The results indicate a critical role for ice crystals well are supported There is also data showing that lightning strikes are 10 percent less in the first three months of the Covid pandemic – researchers hypothesize that fewer ice crystals formed in the clouds as the number of small polluting particles decreased.
Of course, the current study does not have the final say on the issue of lightning. “It is clear that the recordings from LOFAR are of enormous importance,” says Ute Ebert, a physicist at Eindhoven University of Technology who was not involved in the research. Finally, the collected data are of sufficient quality to be able to generate accurate models and simulations that could not be obtained from previous low-resolution data. However, Ebert also draws attention to a weakness. This is because the image doesn’t show the crucial first stage of the process in which ice crystals ionize air, only what happens next. “Where does the first electron come from? How does the discharge with an ice crystal begin?” He asks the question.
Based on the results, most researchers have abandoned the cosmic radiation theory, but the high-energy particles that appear can play a role in the formation of lightning by forming the first free electrons, which then lead to the formation of the first streamers. It is also debatable how exactly the banners will become leaders.

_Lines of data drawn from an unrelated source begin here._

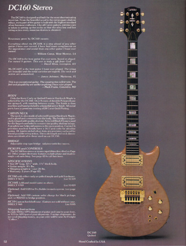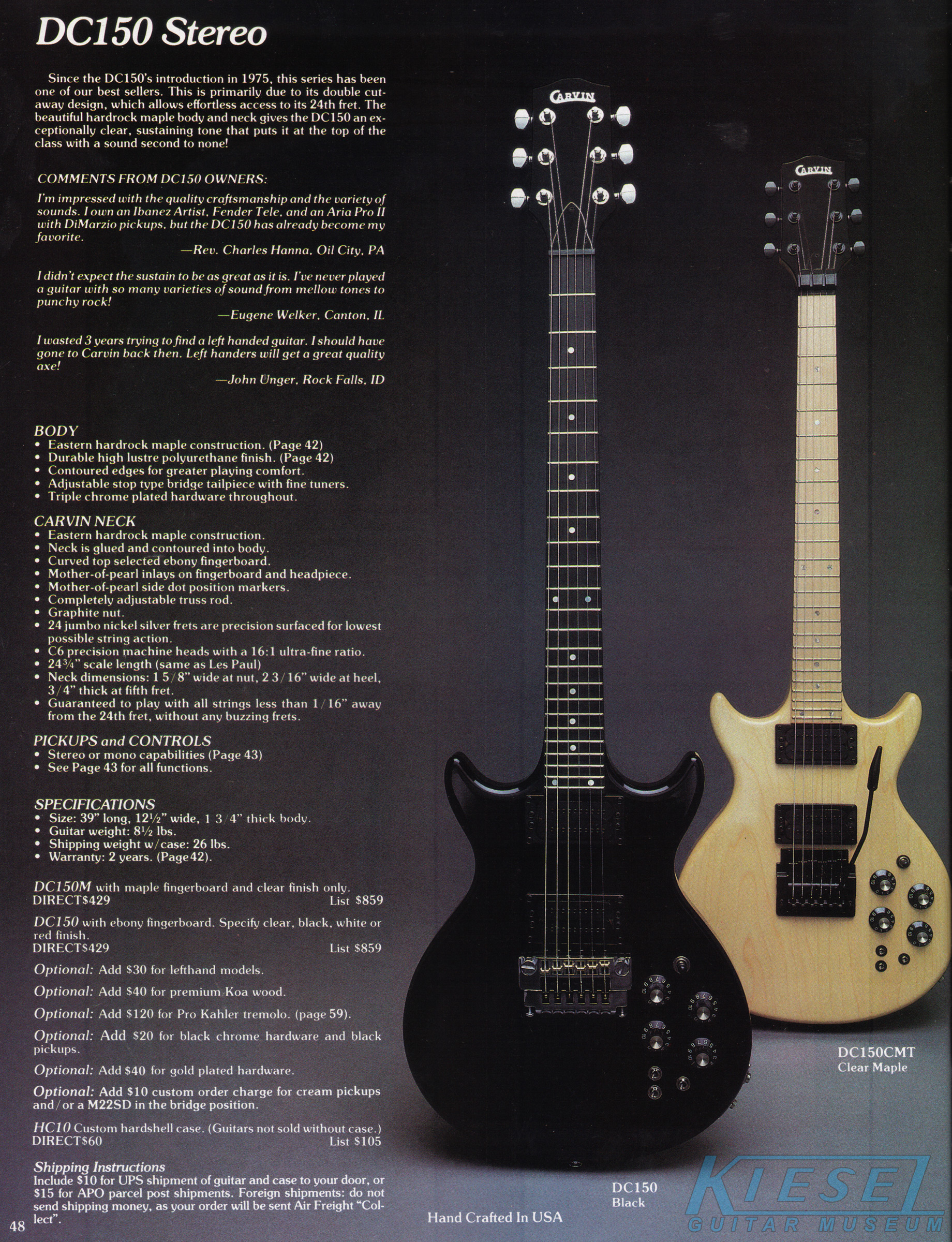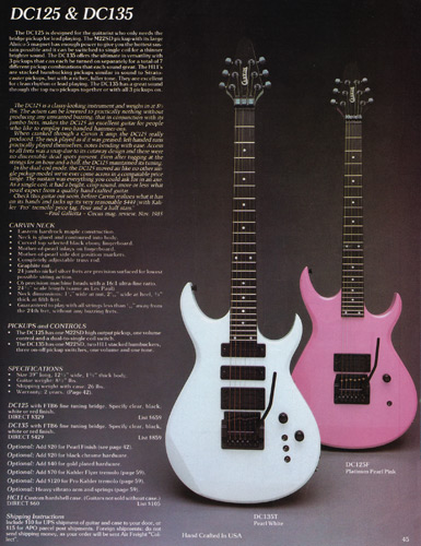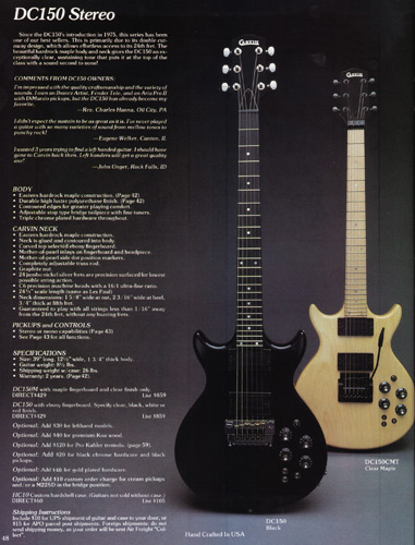 With the departure of the DC100, only the DC150 and upscale DC160 remained in the symmetrical double cutaway style. The DC160 also was relegated to a single page, versus the two page spread that had been used since 1982. Features and options were the same as previous years, but the new pearl finishes were not offered on these models. The DC150, with maple or ebony fingerboard, had a base price of $429. The DC160 had a base price of $679. Other options, such as black or gold hardware, and Kahler Pro tremolo, were the same price as other models.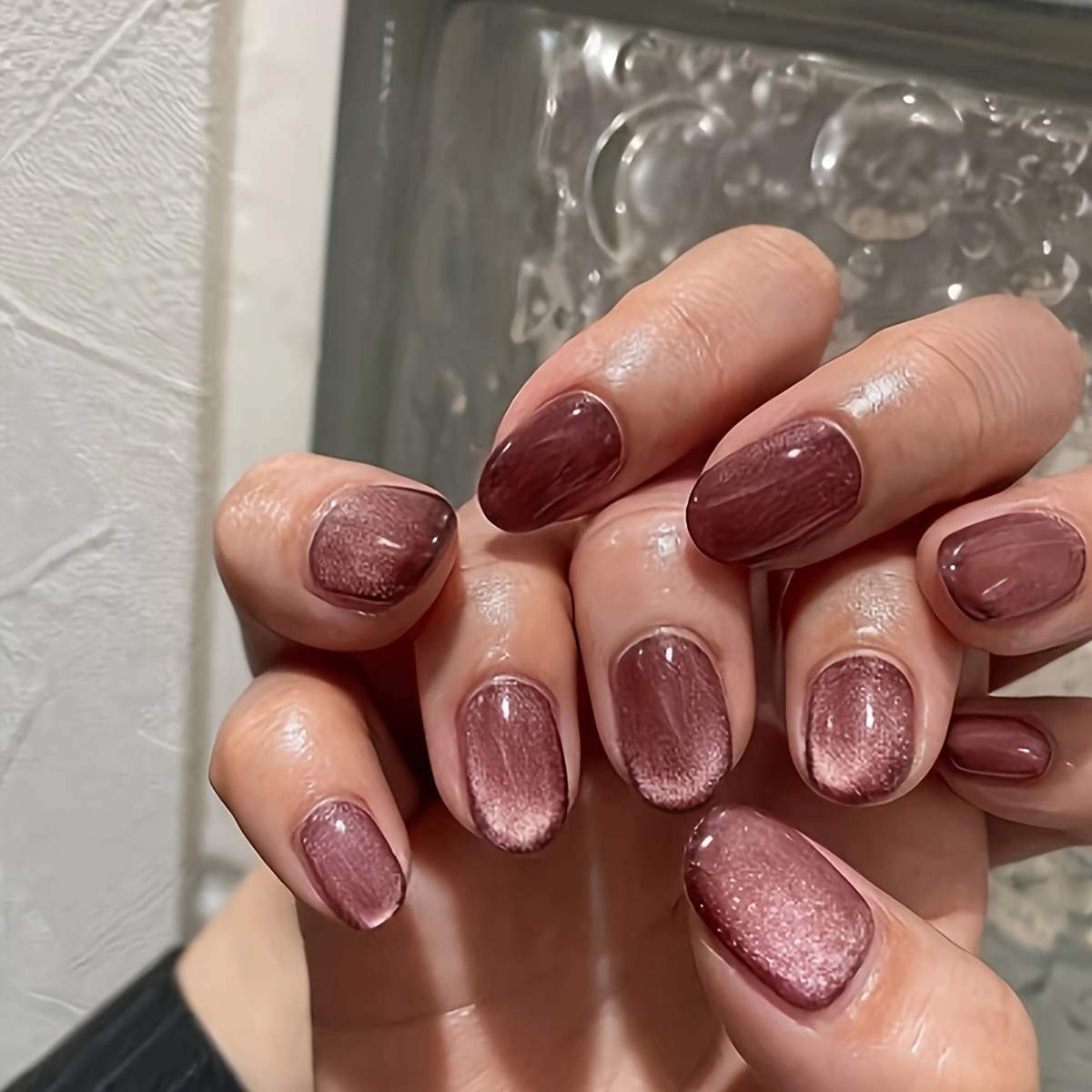 TEMU 24개 로즈 레드 오벌 캣 아이 프레스온 네일 - 광택 마감, 짧은 길이, 파티 및 이벤트에 완벽, 고양이 애호가 선물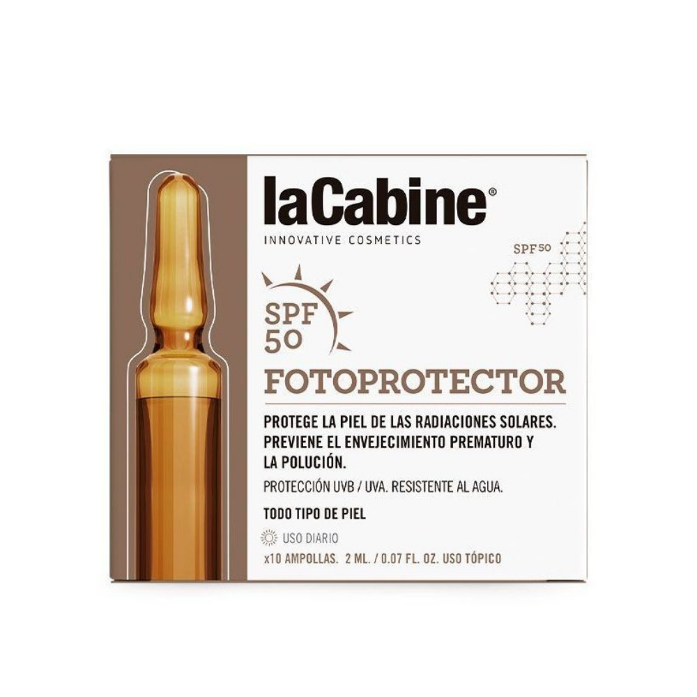 laCabine Fotoprotector SPF50 Ampoules provide high-performance sun protection in a concentrated, easy-to-use format. Enriched with broad-spectrum UV filters, antioxidants, and hydrating agents, they shield the skin from harmful UVA and UVB rays while preventing photoaging and oxidative stress. The lightweight, non-greasy formula absorbs quickly, leaving skin comfortable, hydrated, and luminous. Perfect for daily use or travel, these ampoules ensure maximum sun defense while enhancing skin radiance and maintaining overall skin health.

Dwyer is confident that they will soon be able to see this matter more clearly, too. “We try to notice the first little sparks that explode from the crystals, and thus initially capture the formation process,” he says.
Even if that worked, the researchers wouldn’t be left without a job. “We don’t know how it spreads and grows,” Hare only lists key unanswered questions. “We don’t know how it relates to the soil.”
Despite many ambiguities, all experts agree that the LOFAR results represent a huge, long overdue step forward in understanding a phenomenon that has been researched for centuries. Perhaps the point won’t be far when humanity can finally say that we have a theory that, even omitting Zeus and his companions from the story, could provide a full explanation of how lightning works.